一将功成+番外 作者:西风白马(晋江2014-06-29完结)





  “我们来取洹儿姑娘留下的东西。”老王从容不迫地越过了前来应门的小厮。
  小厮用余光上下打量了靳清冽一番,朝老王努了努嘴。
  靳清冽只见老王将小厮拉到一旁,又于小厮耳边低声嗫嚅了两句,那小厮便匆匆步入楼内。过不多时,却又手捧着一方束起的长卷回到了靳清冽的视野之中。
  老王从小厮手中接过了长卷,后又将长卷交予靳清冽:“靳姑娘,这是洹儿姑娘特意留给你的。有了这样东西,你便能找到你想要找的人了。”
  “许姐姐……留给我?”靳清冽更加似在云里雾里,抬头再看小厮与酒馆的掌柜,却发现不仅小厮没了踪影,竟连掌柜也一并不知去向。
  ……
  许洹儿留给靳清冽的是一卷地图——一卷详尽标示着通往琉璃谷路径的地图。
  彻底失去了的江陵消息的靳清冽本已焦躁难安,此时突得许洹儿留下的地图指引,虽仍有许多疑问萦绕心中,但一心记挂江陵近况的她却也决心冒险前去一探究竟。
  地图之上虽有各种细致入微的标识,但奈何琉璃谷的地理位置实在颇为奇异,靳清冽寻到琉璃谷极端隐蔽的入口之时,也已是十数日之后。
  遮天蔽日的贯云古木将进入谷内的唯一通道完美隐藏,穿过狭窄幽长的一线天,靳清冽足下的土地不再阴暗湿滑,一方豁然开朗的天地终于展现于她的眼前。阳光自天际一泻而下,遍野刚刚冒出新芽的青青小草悠然反映着旭日的光华,明知故犯般淘气灼刺着靳清冽的双眼。
  世外桃源,大概不过如是。
  靳清冽深深呼吸着谷中仍旧清寒微冷的空气,鼻尖隐隐约约窜入了淡雅的药香,带着一丝诚惶一丝兴奋,少女神清气爽沿着蜿蜒的青石小径渐往静谧的深谷行去。

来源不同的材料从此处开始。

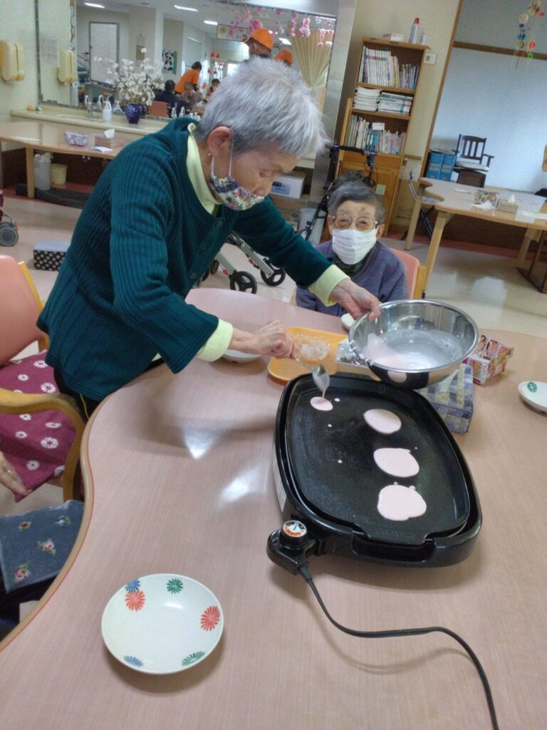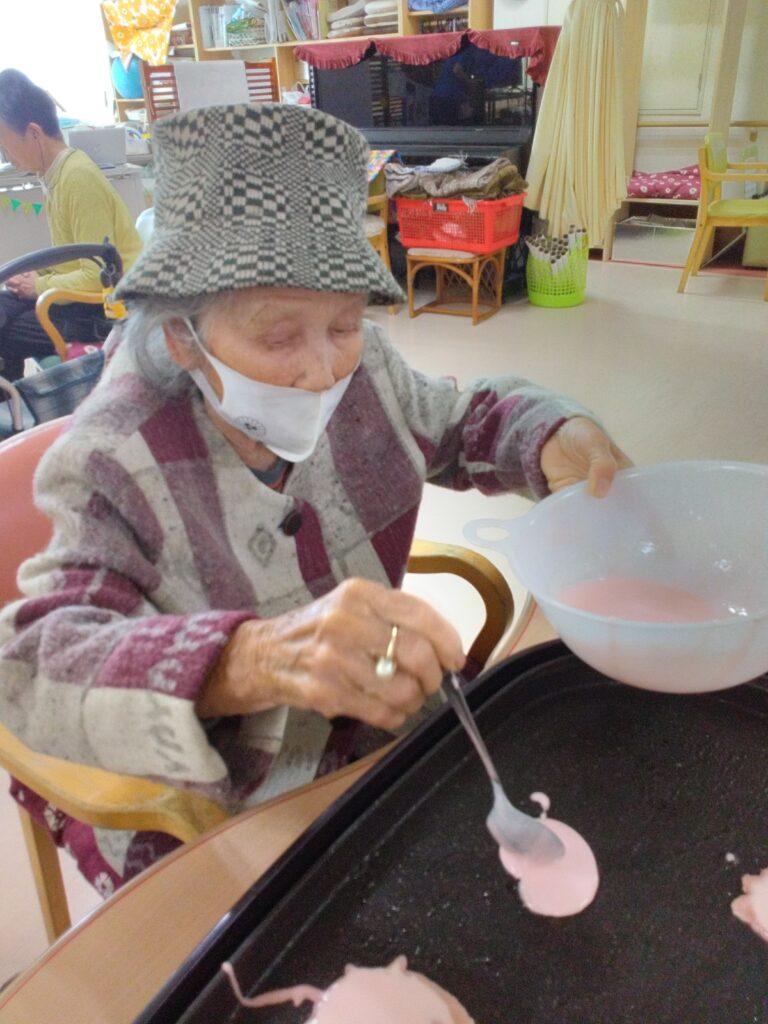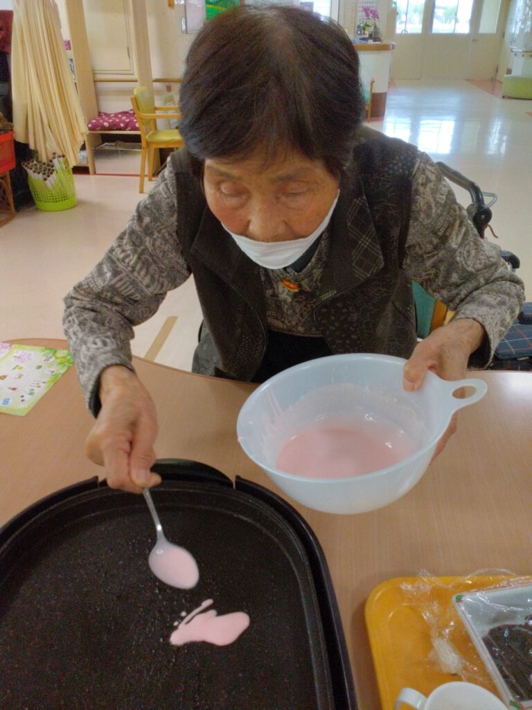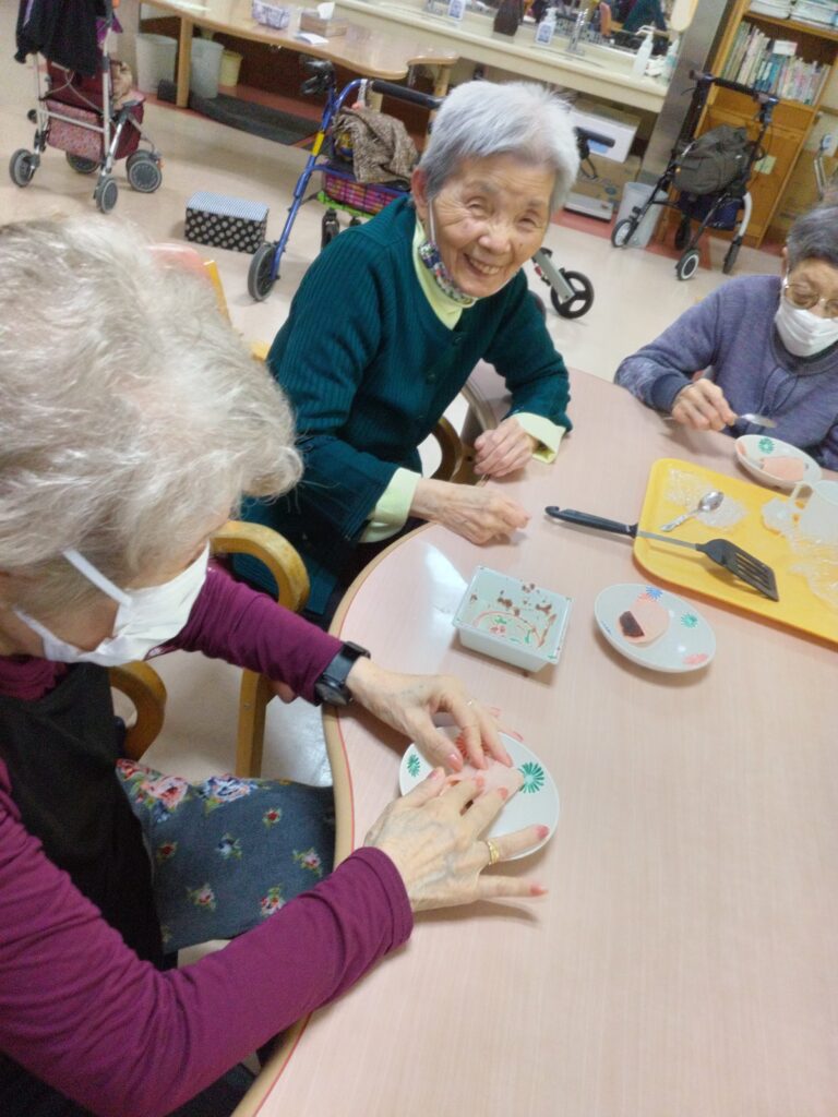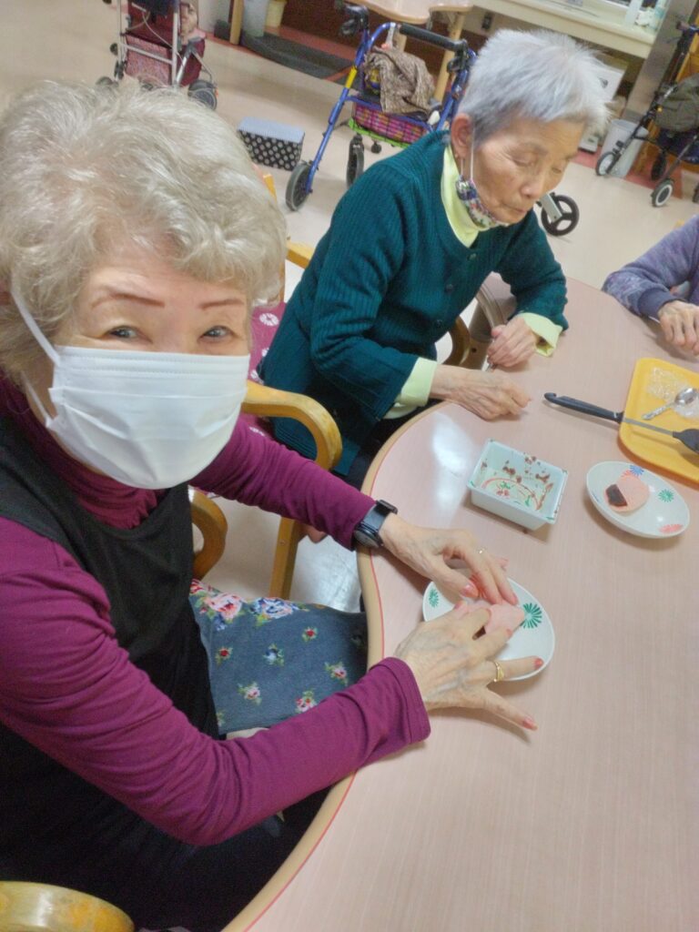 お持ち作りですが、お餅の生地をほんの桜色にするのが少し難しかったです(#^.^#)ホットプレートで生地を焼く際に皆さんまえのめりになりおいしく焼き上がるよう見守られていました!
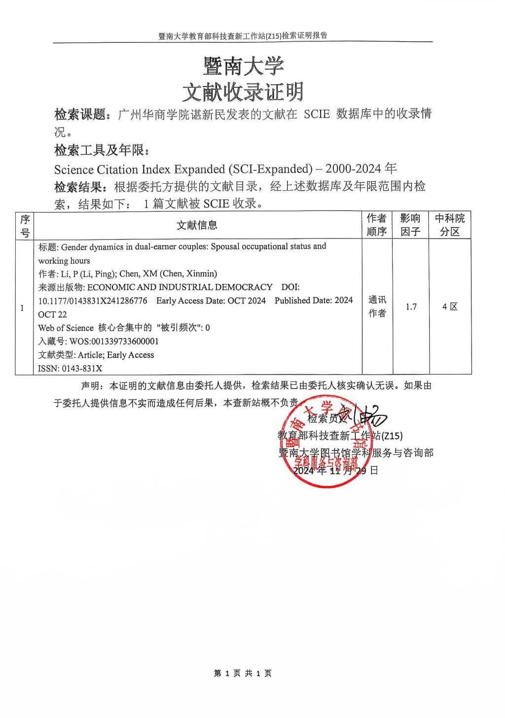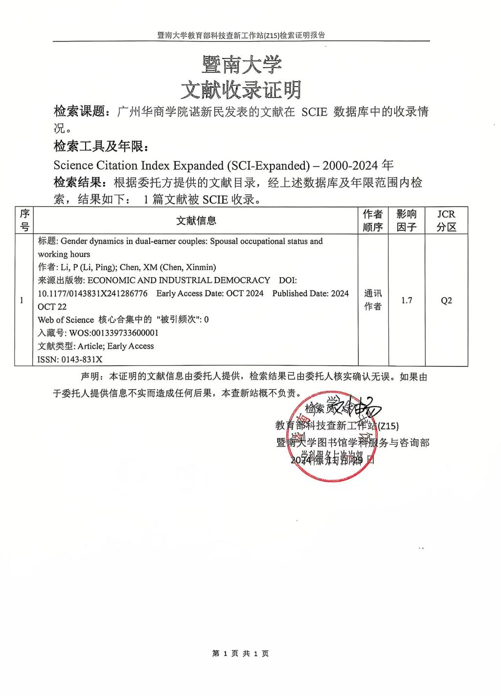 2024年10月,粤港澳大湾区研究院李萍教授(客座教授)、谌新民教授共同撰写的论文“Gender dynamics in dual-earner couples Spousal occupational status and working hours”在《Economic and Industrial Democracy》发表。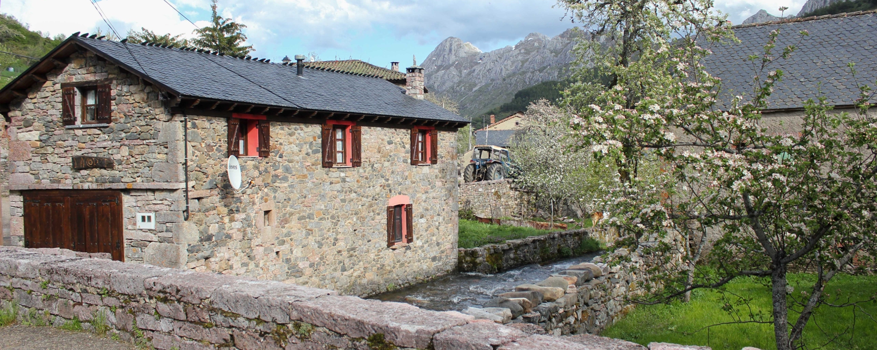 Está enclavado en la cordillera Cantábrica y sus casas, hechas de piedras, se fusionan perfectamente con su entorno envuelto por montañas y agua.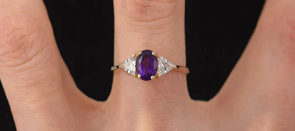 This piece features a center, oval-cut, purple amethyst stone.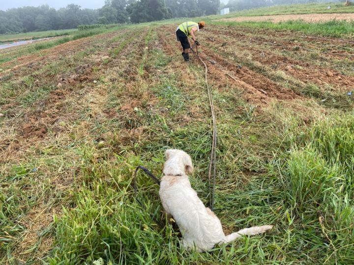 Robin and our pup Henry pulling drip tape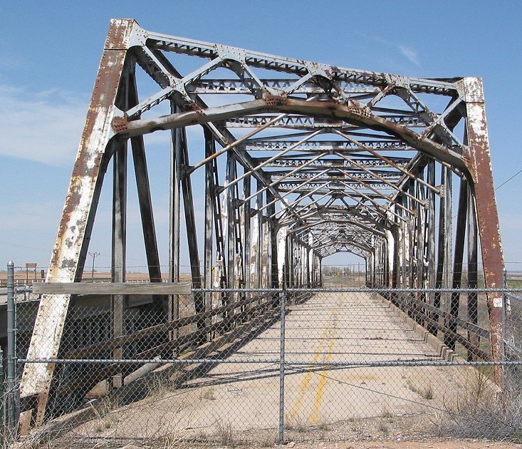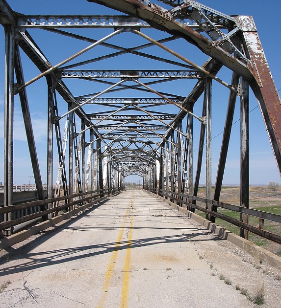 The bridge was preserved when a new one was built just to the west, but it is closed to all traffic. Notice the diagonal beam at the top. |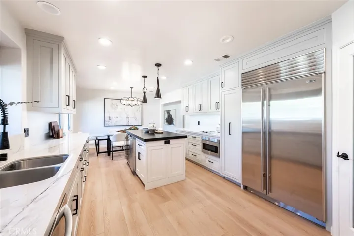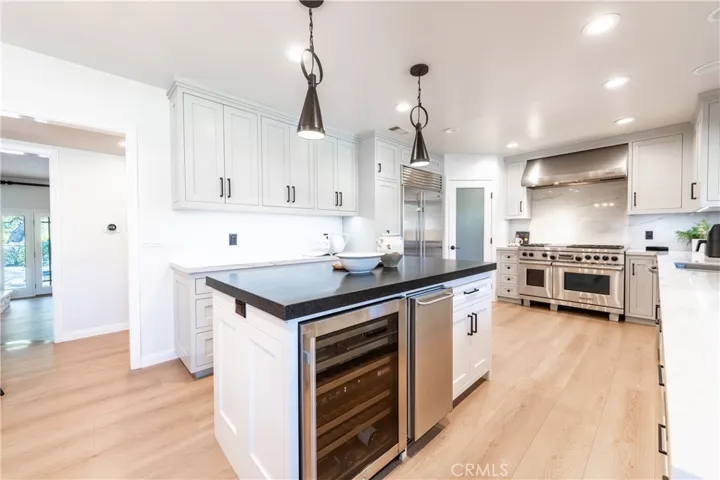Experience refined California living in this exquisite single-level estate, perfectly situated in the prestigious Encino Hills. A circular, paved driveway framed by lush, mature landscaping welcomes you to this private sanctuary that blends sophistication with modern comfort. Step inside and discover a bright, open floor plan designed for effortless living and entertaining. The foyer flows seamlessly into spacious living and dining areas, where white oak plank floors, recessed lighting, and designer finishes create an atmosphere of warmth and understated elegance. A dramatic step-down living room showcases a striking stack-stone fireplace and a custom built-in media wall, with French doors opening to the backyard oasis beyond. The gourmet kitchen is a showpiece, featuring a stone-clad center island with a built-in wine fridge and ice machine, stunning quartzite countertops and backsplash, and custom soft-close cabinetry. Top-of-the-line stainless steel appliances — including a Wolf six-burner range with double ovens, and a Subzero refrigerator — make this a true chef’s dream. A walk-in pantry and sunlit breakfast area with views complete the space. The luxurious primary suite offers a tranquil retreat with vaulted ceilings, an expansive wall of glass, and direct access to the backyard. The spa-inspired ensuite bath features a freestanding soaking tub, dual vanities, a makeup station, and a two-person rain shower with built-in seating. The massive custom walk-in closet is thoughtfully designed for both style and functionality. Three additional bedrooms offer versatility for family, guests, or a home office. Each room is beautifully appointed, featuring ceiling fans, custom finishes, and ample closet space. Step outside to your private resort-style backyard — a haven for relaxation and entertaining. Enjoy multiple conversation areas for gatherings and star gazing or take a dip in the sleek black-bottom pool and spa, or unwind by the fire pit on the elevated wooden deck. A meandering path leads to the peaceful lower-level picnic and bocce ball areas, all surrounded by nature, completing this stunning outdoor escape. This exceptional property embodies comfort, style, and sophistication — offering the ultimate in California living in one of the Valley’s most coveted enclaves. Located within the Lanai School District, close to shops, restaurants, and easy Westside access.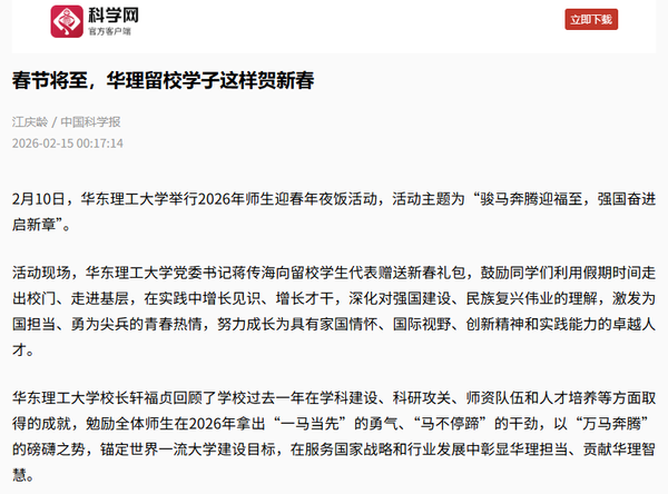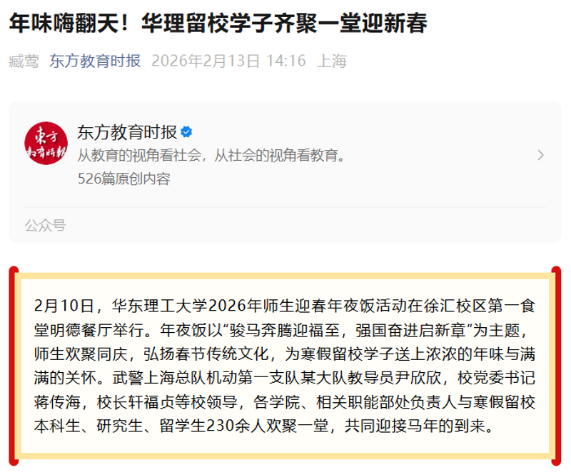 正值农历小年,2月10日,华东理工大学2026年师生迎春年夜饭活动在徐汇校区第一食堂明德餐厅举行。年夜饭以“骏马奔腾迎福至,强国奋进启新章”为主题,师生欢聚同庆,弘扬春节传统文化,为寒假留校学子送上浓浓的年味与满满的关怀。光明日报客户端、中国新闻网、科学网APP、解放·上观、《青年报》、文汇·上观、东方网、青春上海、新民周刊、上海科技报、上海教育新闻网、东方教育时报、第一教育、话匣子等10余家媒体进行了原发报道。本篇选取了部分报道予以转载。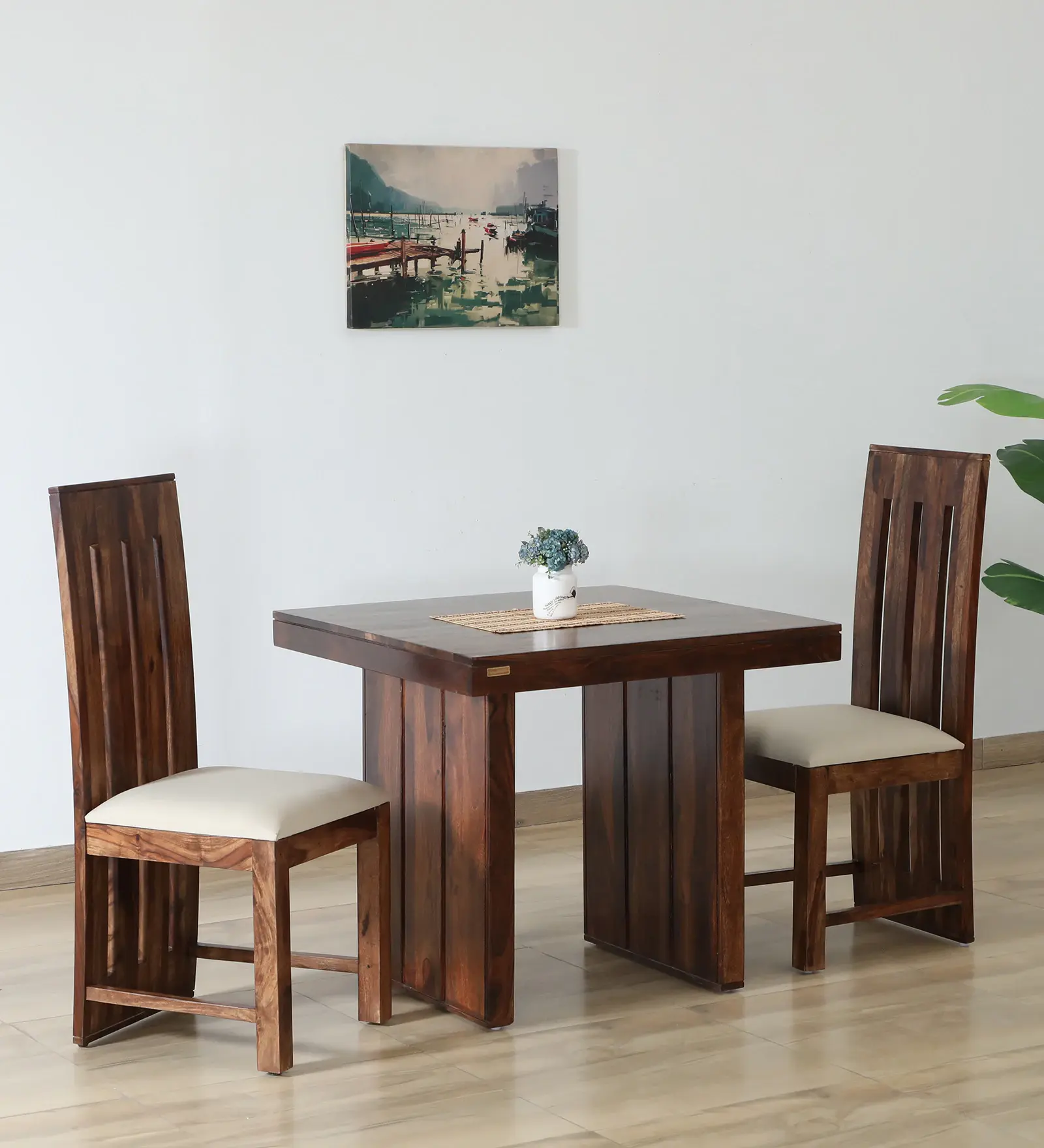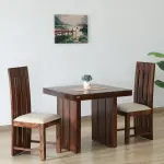 Solid Sheesham Wood Dining Room Sets 2 Seater Poster Dining Table with 2 Cushions Chairs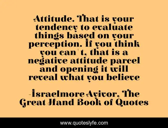 This page presents the quote "Attitude. That is your tendency to evaluate things based on your perception. If you think you can't, that is a negative attitude parcel and opening it will reveal what you believe". Author of this quote is Israelmore Ayivor, The Great Hand Book of Quotes. This quote is about conclude, attitude, open, tendency, food-for-thought, positive, what-is-attitude, negative, negative-attitude,.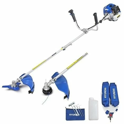 The Hyundai HYBC5200X Petrol Grass Trimmer / Strimmer / Brush Cutter is one exceptionally heavy-duty, versatile and highly efficient unit which comes with a 52cc 2-stroke Euro-V Hyundai low emission petrol engine and has been proven to be ideal for dual cutting purposes such as the cutting and trimming of various kinds of grass, bramble shrubs or overgrown ones. Plus, with a high mid0range torque, the user does not even need to revive the unit at maximum speed for ultimate performance. This highly adaptable Hyundai garden machinery is equipped with a superior quality bump feed, two-string nylon cutting head for use as a grass trimmer and a 3-tooth metal cutting blade to be used as a brush cutter. Also, this Hyundai trimmer strimmer brush cutter unit will guarantee comfort, no stress and no user fatigue during its applications, owing to the twin shoulder harness which easily fits and adapts to the user’s back, shoulders and arms without causing strain on the muscles. In The Box: HYBC5200X Grass Trimmer, Lower Shaft, Trimmer Head, 3 Tooth Blade, Double Harness Belt, Tool Kit, 2-Stroke Mixing Bottle & User Manual. Covered by Hyundai 3-year warranty. Product Features: Full double shoulder ergonomic harness and the multi-position attachment for an ideal balance., Covered by Hyundai 3-year warranty…………..Product Specs: Model HYBC5200X, Engine 52cc 2-Stroke EURO 5, Fuel Pre-mix Unleaded Petrol/ Semi-Synthetic 2-Stroke Oil, 40:1 Ratio, Engine Capacity 1.45 kW / 2.0HP, Fuel Capacity 1.2 Litres, Starting System Recoil / Pull Start, Drive Centrifugal Clutch / Split Shaft, Complete with Full Harness, Net Weight (kg) 9.10kg……….( DELIVERY UPDATE: Please note that we offer Free Shipping to Mainland UK only! All other deliveries to any British Islands, Channel Islands, Isle of Wight, Isle of Man, Scilly Isles, the North of Scotland and Scottish Highlands & Islands will come with additional delivery charges. Due to circumstances beyond our control, we’re unfortunately now no longer able to deliver to residential addresses in Northern Ireland & Ireland)

  走过泉水旁,行经小桥畔,靳清冽终于见到了那熟悉的身影,清冷的少年微合着眼帘,正满身闲然斜倚在石栏边。
  “小陵!”靳清冽再也无法抑制内心的悸动,灼热赤诚的情感一时在她的心间激起千层浪涛。她竟翩然飞身施展了轻功,落于少年面前的瞬间,她已拥他入怀。
  少年微微昂起了头,没有挣扎扭动亦没有惊异惶恐,只在靳清冽挥散着宁静沁香的臂弯中安然地微笑:“清清,好久不见了。”
  他的体温低凉,他的气息均匀,他的心跳平稳,他的面容一如平素的苍白温和,可他却又一次无端端将她的心扉荡漾起了一层久久不去的涟漪。
  她的唇贴上了他的脸,却又在不经意间收回。
  ……
  与江陵并肩行走在那条继续向幽谷深处延伸的小径,靳清冽却发现江陵似乎并不需要自己的搀扶,他对这谷中的一草一木竟都似是十分得熟悉。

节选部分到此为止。